**DATASET EXCERPTS**
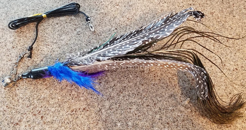 The feathers on the Bird Catcher PRO EX are Ultra Guinea Fowl Feathers, and both cats seemed to love them! Also included is a mouse that you can skittle on the ground.
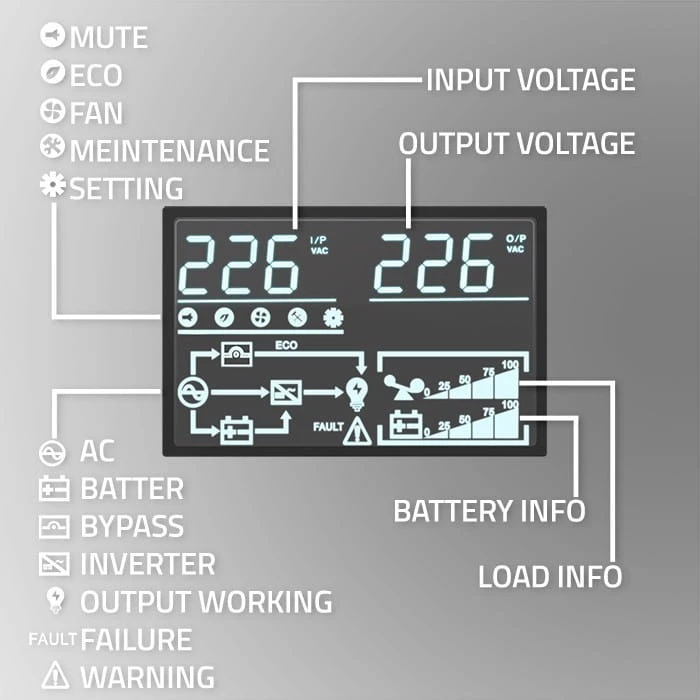 Dzięki zintegrowanemu wyświetlaczowi LCD zarządzanie urządzeniem staje się intuicyjne i wygodne. Na ekranie otrzymujesz aktualne informacje dotyczące statusu pracy oraz kluczowych parametrów zasilacza. To gwarantuje, że będziesz na bieżąco z działaniem urządzenia, co umożliwia szybką reakcję na ewentualne problemy oraz optymalne dostosowanie pracy do potrzeb. Praca z zasilaczem staje się łatwa, szybka i niezawodna, co pozwala skoncentrować się na głównych zadaniach bez obaw o stabilność zasilania.
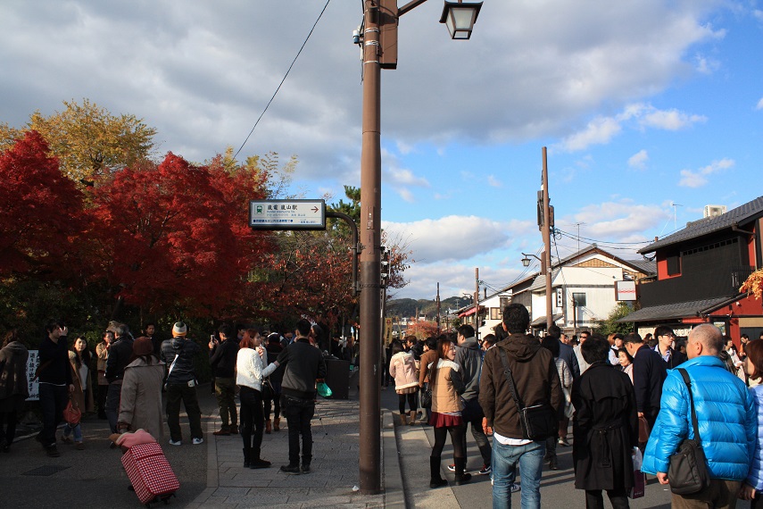 嵐電駅前通りは歩行者天国で車の進入禁止です。人が凄くて渡月橋も数珠つなぎでした。
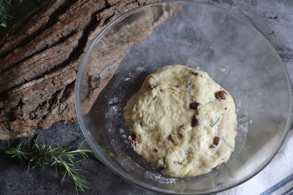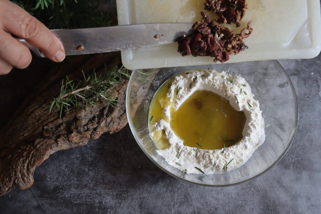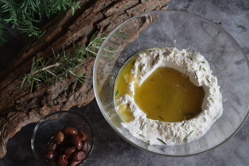 In the glass bowl, I combine all ingredients. Flour and salt, water and extra virgin olive oil, fresh chopped rosemary (otherwise dry is fine too).
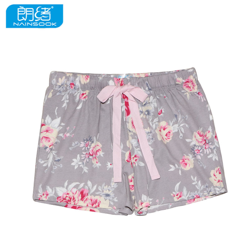 朗绪女休闲短裤针织全棉活性印花夏季学生睡裤沙滩裤年轻人短薄款
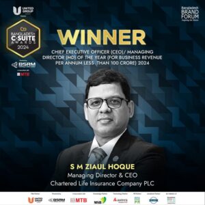 অসাধারণ বাণিজ্যিক সাফল্যের জন্য ‘বাংলাদেশ সি-স্যুট অ্যাওয়ার্ডস’ অর্জন করেছেন দেশের বীমা খাতের চতুর্থ প্রজন্মের কোম্পানি চার্টার্ড লাইফ ইন্স্যুরেন্সের মুখ্য নির্বাহী কর্মকর্তা (সিইও) এস এম জিয়াউল হক। বর্ষসেরা প্রধান নির্বাহী ক্যাটাগরিতে (যাদের বার্ষিক ব্যবসায়িক আয় একশ’ কোটির মধ্যে ছিল ) তাকে এই পদক দেয়া হয়।
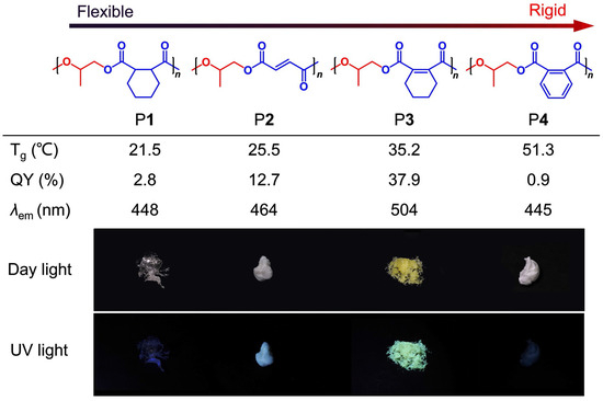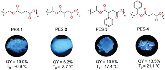- Chu, B.; Zhang, H.; Hu, L.; Liu, B.; Zhang, C.; Zhang, X.; Tang, B.Z. Altering Chain Flexibility of Aliphatic Polyesters for Yellow-Green Clusteroluminescence in 38 % Quantum Yield. Angew. Chem. Int. Ed. 2022, 61, e202114117. [Google Scholar] [CrossRef]
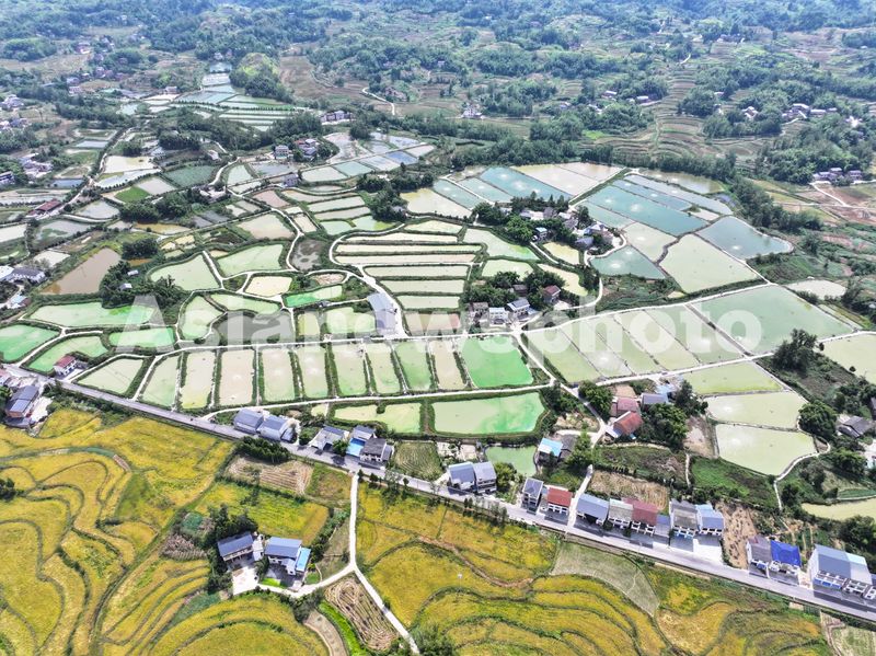 2025年9月2日,重庆市梁平区明达镇红八村,渔业园区内的鱼塘星罗棋布,水光潋滟,与稻田、村落、公路相映成景,勾勒出一幅美丽的秋日画卷。
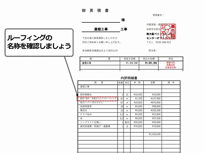 4.ルーフィングの種類が見積書に明記されているか確認しましょう

**TASK GOAL**
Everything from the line with "2025年9月2日,重庆市梁" through the end of the listing above, both ends included, should be set down exactly; copy nothing else, and skip the pictures.

**EXERCISE OUTPUT**
 2025年9月2日,重庆市梁平区明达镇红八村,渔业园区内的鱼塘星罗棋布,水光潋滟,与稻田、村落、公路相映成景,勾勒出一幅美丽的秋日画卷。
 4.ルーフィングの種類が見積書に明記されているか確認しましょう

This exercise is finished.